What you have to do: Retype exactly the lines of the listing below from the one with "3、操控角色靠近可涂鴉的區(qū)域或其" through the last, both included, and leave every picture out.

[Excerpted records]

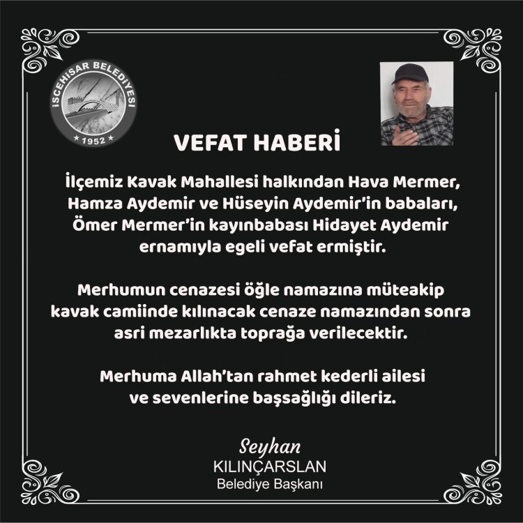 İlçemiz Kavak Mahallesi halkından Hava Mermer, Hamza Aydemir ve Hüseyin Aydemir’in babaları, Ömer Mermer’in kayınbabası Hidayet Aydemir ernamıyla egeli vefat ermiştir.
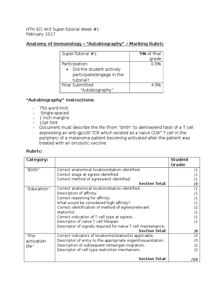 Anatomy Autobiography Rubric 2017 | PDF | T Cell | Lecture
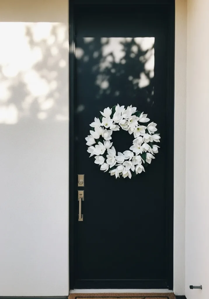 What makes this wreath so captivating is how it feels both modern and classic at the same time. The white-on-black contrast is simply gorgeous, and the florals add that hint of softness every front door deserves.
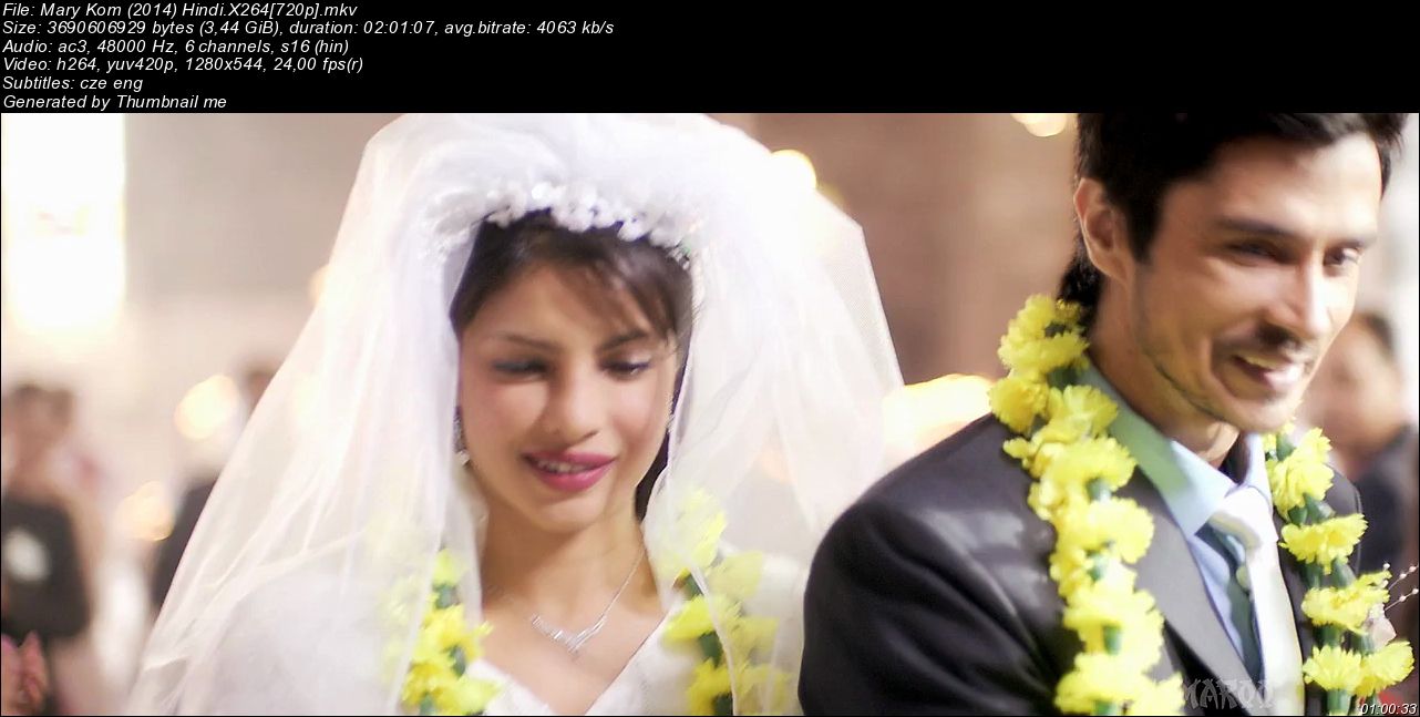 Celý název a cesta : Mary Kom (2014) Hindi.X264720p.mkv Formát: Matroska Format_Version: Version 4 / Version 2 Velikost souboru: 3,44 GiB Duration/String: 2h 1mn Celkový BitRate: 4 063 Kbps Encoded date: UTC 2016-02-08 19:32:01 Použitý software: mkvmerge v6.7.0 ('Back to the Ground' 64bit built on Jan 9 2014 18:03:17 Enkódoval: libebml v1.3.0 + libmatroska v1.4.1
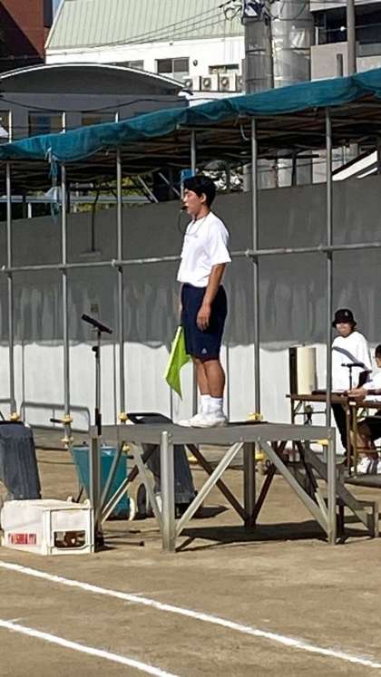 まずは、開会式の練習です。体育委員長の指揮のもとで進んでいきます。行進は、吹奏楽部の演奏によります。
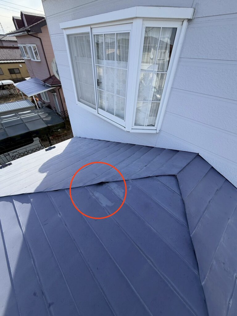 屋根の頂上部分である「棟」の板金の加工(掴み込み)が少し甘くなっており、そこが雨水の侵入口となっていました。
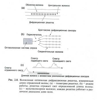 Из многих возможностей использования оптических волокон для измерений наибольшее развитие получили волоконные дифракционные решетки (ВДР.). Основная идея этой методики состоит в создании периодической решетки вдоль оси волокна. Длина решетки может достигать 10000 длин световой волны. Она приводит к интерференционным явлениям, обусловленными отражением света от ее штрихов. Ширина полосы отраженного назад сигнала обычно равна приблизительно 0,01% исходной ширины сигнала (рис.2.8). При длине световой волны 1,5 мкм расстояние между соответствующими интерференционными максимумами равно приблизительно 0,15 нм. Период решетки зависит от температуры и деформации, что приводит к сдвигу положения интерференционных максимумов. Измерение соответствующего сдвига длины волны дает простой технический метод определения периода решетки. После этого необходимо определить, обусловлено ли изменение периода решетки температурным расширением или механическими нагрузками. Для измерения деформации результаты обычно сравнивают с данными второй (контрольной) волоконной решетки, в которой в точке измерения отсутствуют напряжения. Динамические деформации измеряют исходя из изменения длины отраженной волны. При этом за период колебаний структуры не должна изменяться температура.
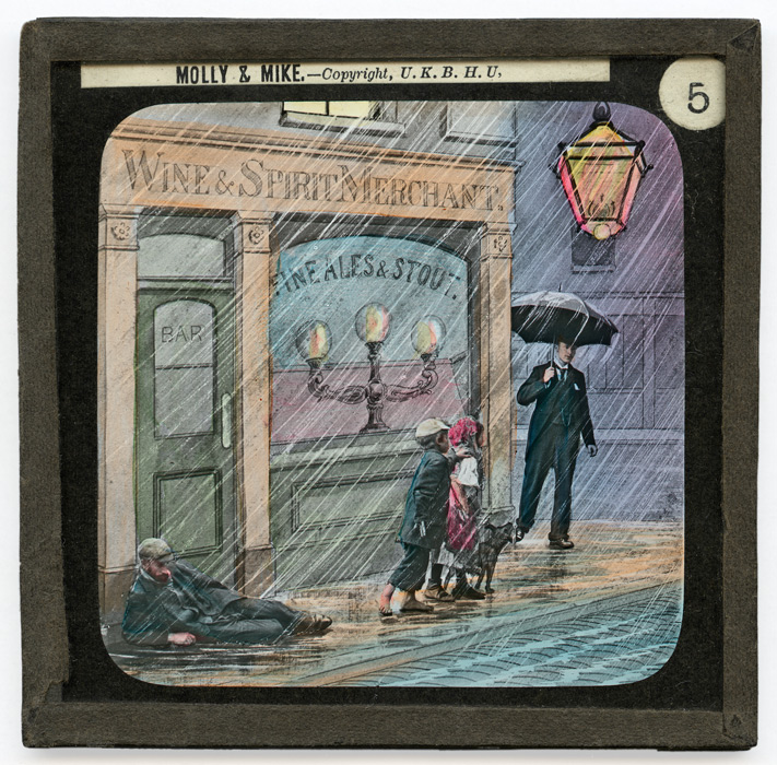 Très peu d'informations étant parvenues jusqu'à nous sur cette série, il est difficile de retracer avec précision l'histoire présentées sur ces dix-huit plaques de type Life Models. Néanmoins l'indication de l'U.K.B.H.U (United Kingdom Band of Hope Union) sur toutes les plaques confère de fait à cette série une certaine orientation thématique. L'association religieuse ayant à coeur la dénonciation des méfaits de l'alcoolisme et l'enseignement des bonnes moeurs, il est fort probable que "Molly and Mike" soit une histoire de ce type. Molly et Mike sont en effet deux jeunes enfants pauvres (plaque 1). Ils attendent sous la pluie devant un pub (plaque 2) que leur père veuille bien en sortir. Mais quand cela est fait, ils le retrouvent saoûl (plaque 3). Les deux enfants semblent désespérés par l'état de leur père (plaque 4) et c'est à ce moment qu'un homme, un gentleman, arrive vers eux (plaque 5). Il comprend vite la situation, empêche l'arrestation du père pour son ivresse sur la voie publique (plaque 6) et aide la petite famille à se mettre à l'abri (plaque 7). Si ce gentleman quitte Molly, Mike et leur père ce n'est que pour aller demander de l'aide pour eux auprès d'autres personnes (plaques 8 et 9).
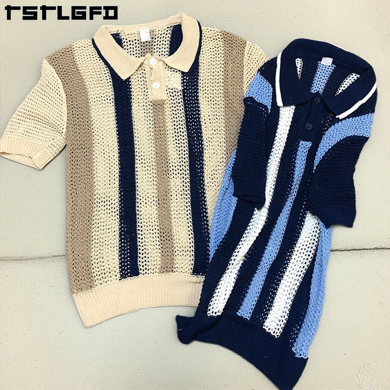 Maglietta estiva personalizzata a righe all'uncinetto con bottone cavo a maniche corte con collo alto Cardigan da uomo maglione Jacquard t-Shirt
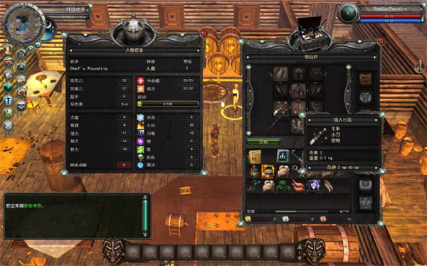 虽然你不用去买什么十六格包包啊什么的,但是是在道具对话框的右手边,就会有几只形态各异的包包,这是用来存放道具的,但是你要注意,你是有负重量,超过了你的走路速度就越来越慢了。好,在哪里买到酒呢?没错就是酒馆,在路上你会遇到一个仓库一个叫高恩的货喝嗨了,你个以给他买瓶酒喝,
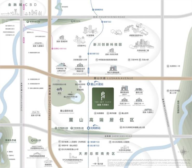 城南双极的居住核心位于麓山高端居住区,连接新川和天府中央商务区,吸引高新产业和天府新区商务客群,推动麓山成为城南居住的核心。
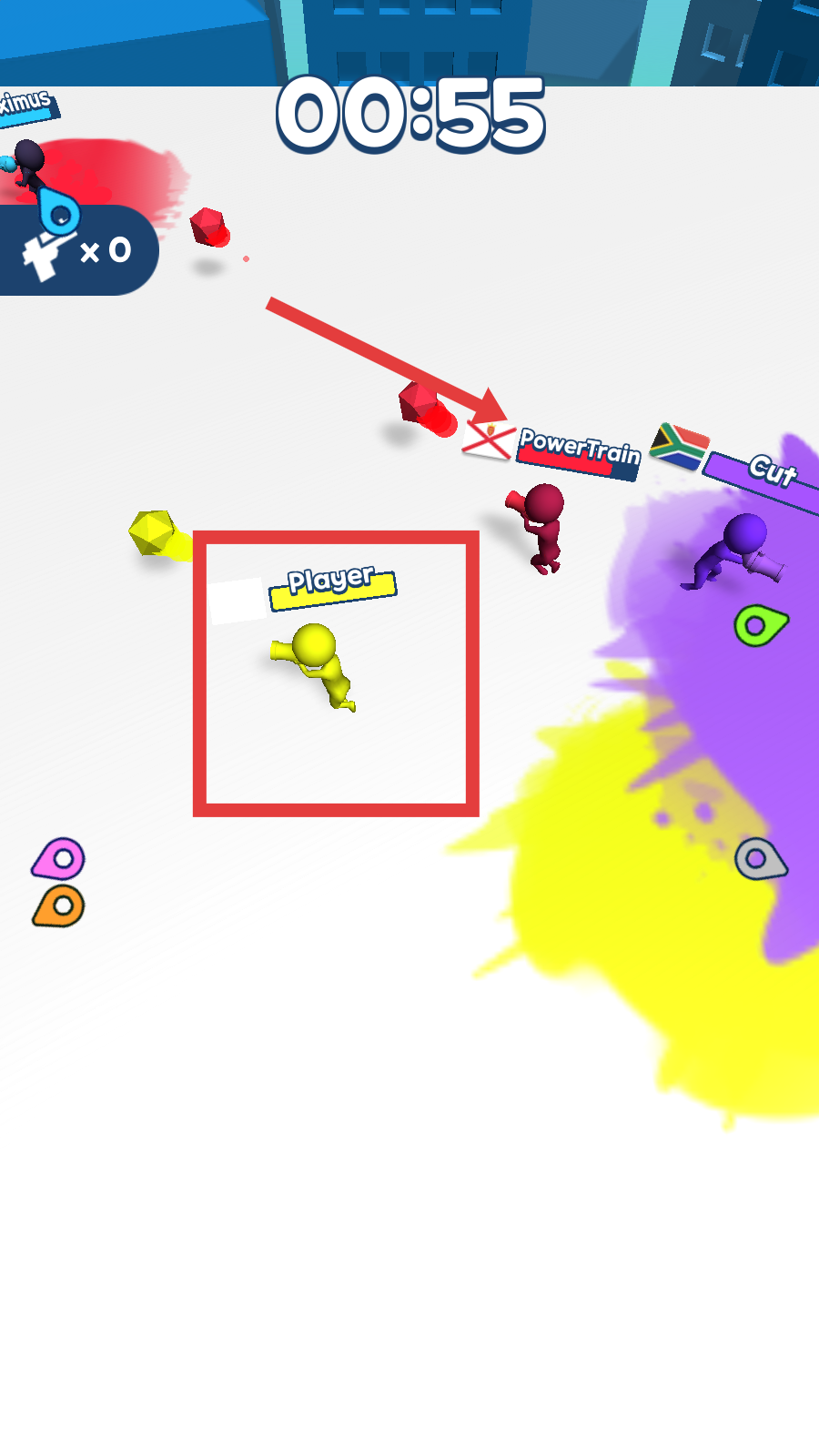 3、操控角色靠近可涂鴉的區(qū)域或其他對(duì)手,進(jìn)行色彩噴射操作,用自己的顏色覆蓋場(chǎng)景或?qū)κ郑源藖?lái)擴(kuò)大自己的涂鴉范圍,同時(shí)也能干擾對(duì)手。
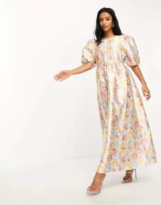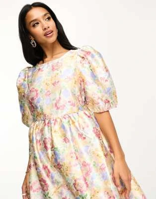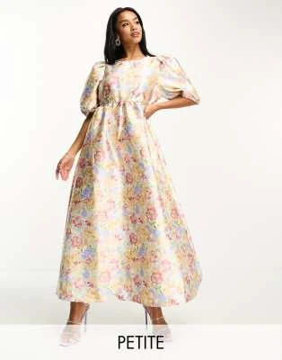 Nobody’s Child Petite – Esme – Vestito Midi Con Dettaglio Laccetti Sulle Maniche Verde A Fiorellini
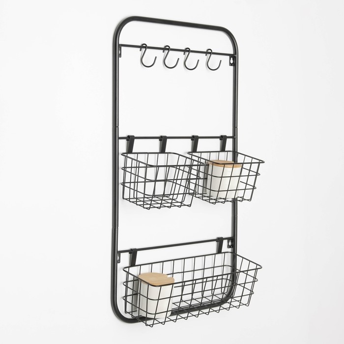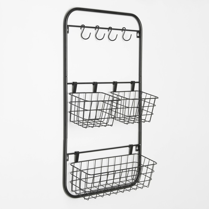 Система хранения универсальная, 3 корзины, 4 крючка, цвет чёрный
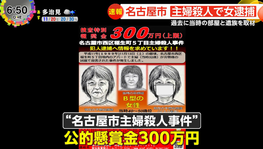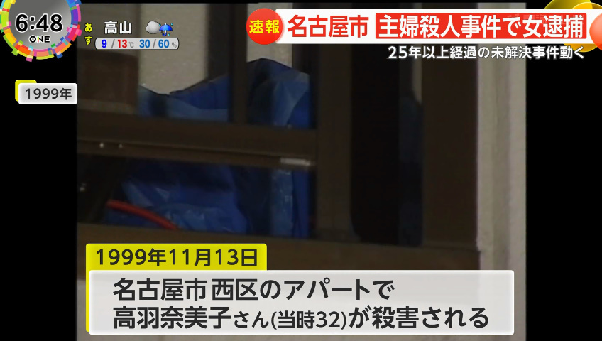 【速報】 名古屋市西区の主婦殺害事件で60歳代の女逮捕 25年以上経過の事件 #名古屋市主婦殺人事件  #名古屋 pic.x.com/lSwqsFT32l
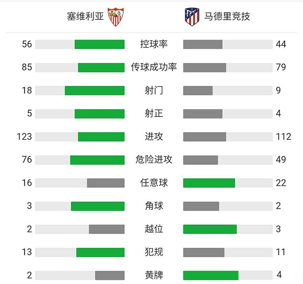 全场比赛结束,塞维利亚主场1-0力克马竞。
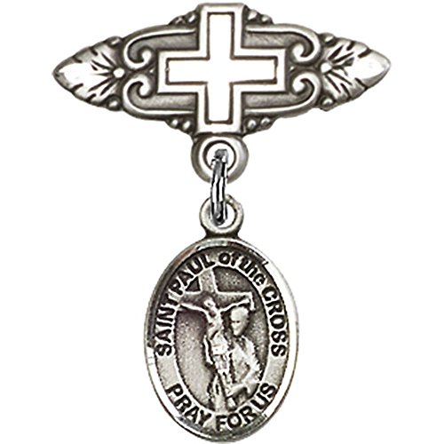 -. Title : Sterling Silver Baby Badge with St. Paul of the Cross Charm and Badge Pin with Cross 1 X 3/4 inches

[/Excerpted records]

Answer to the problem:
 3、操控角色靠近可涂鴉的區(qū)域或其他對(duì)手,進(jìn)行色彩噴射操作,用自己的顏色覆蓋場(chǎng)景或?qū)κ郑源藖?lái)擴(kuò)大自己的涂鴉范圍,同時(shí)也能干擾對(duì)手。
 Nobody’s Child Petite – Esme – Vestito Midi Con Dettaglio Laccetti Sulle Maniche Verde A Fiorellini
 Система хранения универсальная, 3 корзины, 4 крючка, цвет чёрный
 【速報】 名古屋市西区の主婦殺害事件で60歳代の女逮捕 25年以上経過の事件 #名古屋市主婦殺人事件  #名古屋 pic.x.com/lSwqsFT32l
 全场比赛结束,塞维利亚主场1-0力克马竞。
 -. Title : Sterling Silver Baby Badge with St. Paul of the Cross Charm and Badge Pin with Cross 1 X 3/4 inches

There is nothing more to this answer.